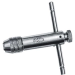 Tipo corto, di elevata qualità dotato di LIVELLA sulla testa dell'utensile, per facilitare il corretto allineamento del maschio con l'imbocco del foro.Per uso fisso, destro e sinistro. Con pinza a 2 griffe temprate.Esecuzione cromata.
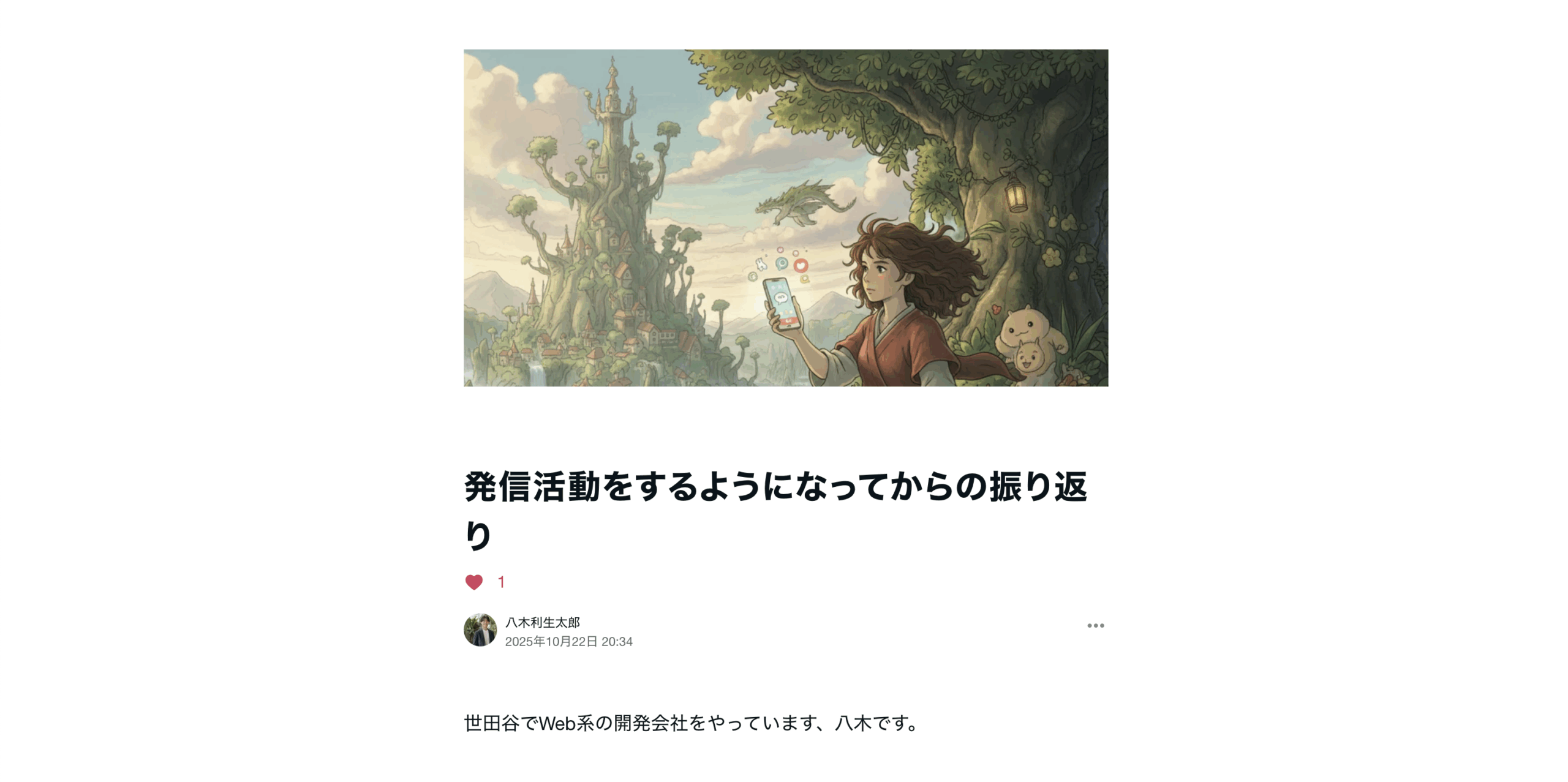 代表の八木の新しいnoteが追加されました 2026 1/30 お知らせ 2025年10月22日 代表の八木のnoteで新しい投稿が追加されました。 ぜひご覧ください。 note(ノート) 発信活動をするようになってからの振り返り|八木利生太郎 世田谷でWeb系の開発会社をやっています、八木です。 最近、note・X・Voicyで色々投稿し始めて、その中で検証した事や気付きに書いていきます。 (週1で投稿について振り返... お知らせ
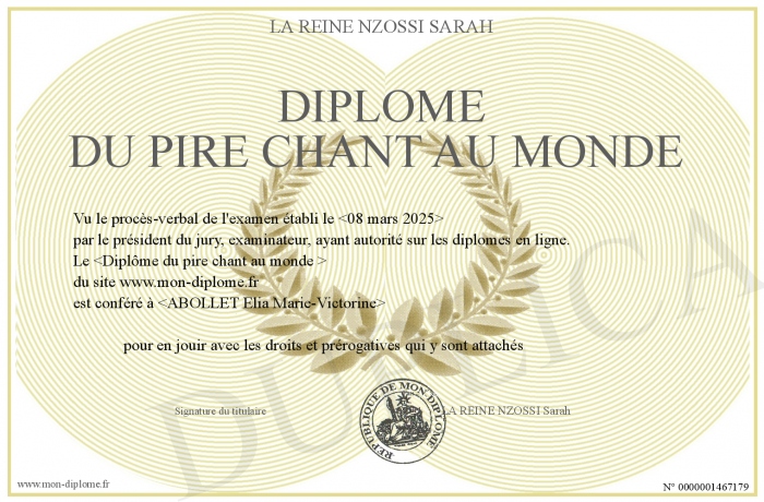 Envoyez par email votre Diplôme du pire chant au monde personalisé
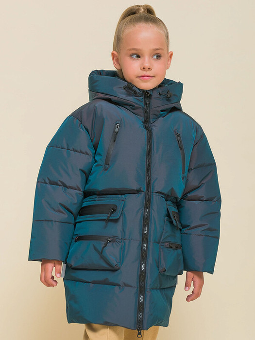 Пальто зимнее для девочки из мембранной ткани. На внешнюю поверхность материала нанесена водоотталкивающая пропитка (DWR), она задерживает грязь и влагу снаружи — ребёнок не промокнет. Также есть дополнительная пропитка на внутренней стороне ткани. Пальто трендового оверсайз-силуэта подходит для любого типа фигуры. Капюшон с двумя швами, что обеспечивает анатомически правильную форму и комфортную посадку по голове. Капюшон не отстегивается, предусмотрена регулировка объема эластичными шнурами с пластиковыми стопперами. Внутренние манжеты рукавов из эластичной рибаны (ткань в рубчик) — дополнительная защита от ветра и холода. Ширина горловины позволяет надевать свитер с объемным воротником или объёмный шарф. Верхняя часть переда и спинки имитирует надетый поверх жилет, объём которого регулируется эластиком со стопперами — оригинально и стильно. Центральная застёжка на тракторную молнию с двумя пуллерами — удобно садиться. Тканевый стоппер защищает подбородок от зажима молнией. Фиксирующая строчка предохраняет планку от «заедания» в процессе застёгивания. Куртка-пальто тёплая — дополнительно, для защиты от ветра и холода, центральная молния закрыта ветрозащитной планкой с внутренней стороны. На груди удобные прорезные карманы на молнии. Ниже накладные карманы с клапанами, на которых также есть молнии, обрамлённые водоотталкивающей рамкой (молния открывается, но кармана нет). Карманы с боковым входом закрываются на водонепроницаемую молнию со скрытыми звеньями — содержимое карманов не промокнет. Карманы внутри утеплены мягким флисом. В каждой куртке нейм-лейбл! Ребёнок не потеряется и не потеряет куртку! На спинке и в боковых швах расположены светоотражающие элементы — безопасность в тёмное время суток. За изделием легко ухаживать. Пальто стёганое без принта. Пуховик выполнен из нейлона, полиэстера и мембраны — он тёплый, не промокает, легко стирается, быстро сохнет, сохраняет отличную форму и цвет надолго. Подкладка из мягкого, тёплого и дышащего флиса (по стану, внутреннему воротнику и в капюшоне). В рукавах подкладка из полиэстера — благодаря этому ребенку легко надевать куртку, руки не путаются в рукавах. Куртка выполнена в цвете хамелеон, меняющая цвет от зеленого до черного. Её легко сочетать с разнообразными брюками, юбками, колготками. Размерная линейка: 3 (98); 4 (104); 5 (110); 6 (116); 7 (122); 8 (128); 9 (134); 10 (140); 11 (146). Пальто оверсайз подходит как для маленьких девочек дошкольного и младшего школьного возраста, так и девочек-подростков. Рекомендуемый температурный режим: не ниже минус 30 градусов. Утеплитель: экопух. В рукавах дополнительный слой тонкого синтепона. Модель идеальна для носки в детский сад, школу, для прогулок и отдыха. Зимнее пальто для девочки — отличный подарок для дочери или внучки на День рождения или любой другой праздник.
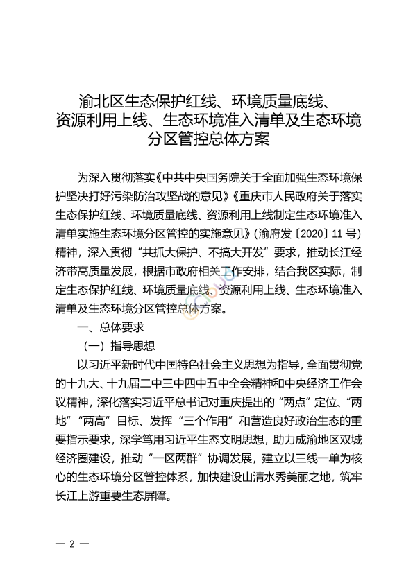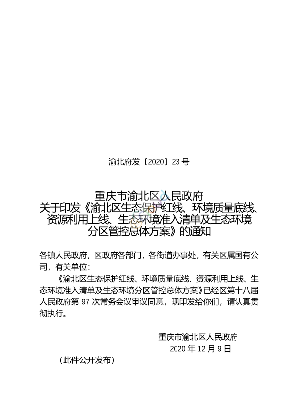 各镇人民政府,区政府各部门,各街道办事处,有关区属国有公司,有关单位: 《渝北区生态保护红线、环境质量底线、资源利用上线、生态环境准入清单及生态环境分区管控总体方案》已经区第十八届人民政府第97次常务会议审议同意,现印发给你们,请认真贯彻执行。 重庆市渝北区人民政府 2020年12月9日
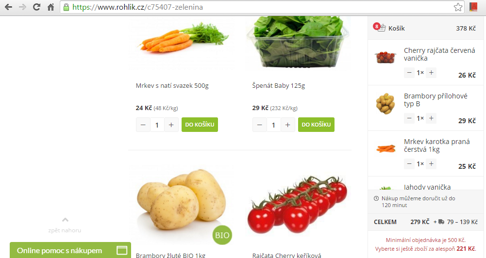 využila jsem možnosti expresní dopravy, kterou Rohlík garantuje do 120 minut od
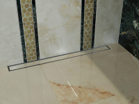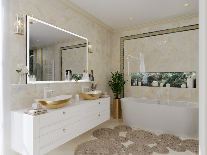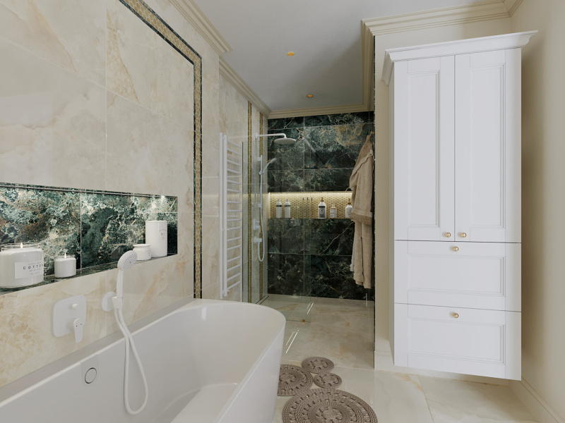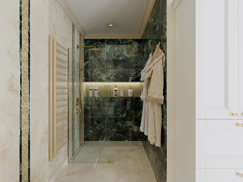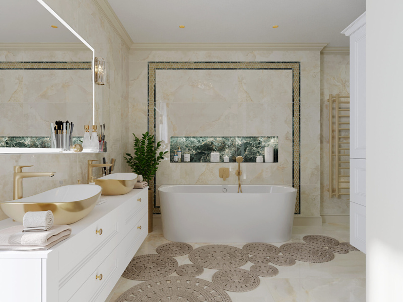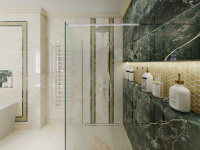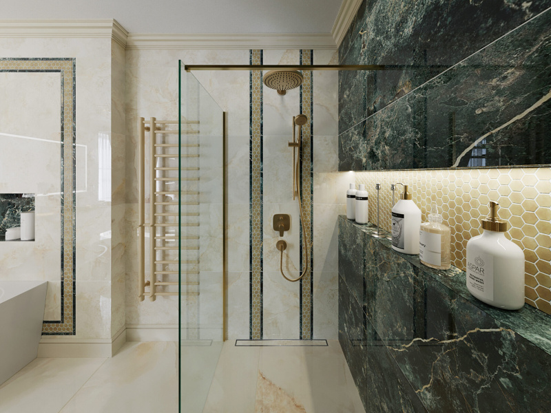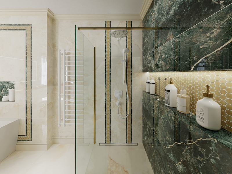 Kvalitné dizajnové obklady s jemným dekorom béžového a zeleného mramoru od nášho španielskeho dodávateľa sme dekorovali s malou mozaikou v kovovom prevedení.

------

◆ **TASK PROMPT**: Take the material above from its first line through the line holding "Envoyez par email" and set it down exactly, without the pictures.

◆ **YOUR SOLUTION**:
 Tipo corto, di elevata qualità dotato di LIVELLA sulla testa dell'utensile, per facilitare il corretto allineamento del maschio con l'imbocco del foro.Per uso fisso, destro e sinistro. Con pinza a 2 griffe temprate.Esecuzione cromata.
 代表の八木の新しいnoteが追加されました 2026 1/30 お知らせ 2025年10月22日 代表の八木のnoteで新しい投稿が追加されました。 ぜひご覧ください。 note(ノート) 発信活動をするようになってからの振り返り|八木利生太郎 世田谷でWeb系の開発会社をやっています、八木です。 最近、note・X・Voicyで色々投稿し始めて、その中で検証した事や気付きに書いていきます。 (週1で投稿について振り返... お知らせ
 Envoyez par email votre Diplôme du pire chant au monde personalisé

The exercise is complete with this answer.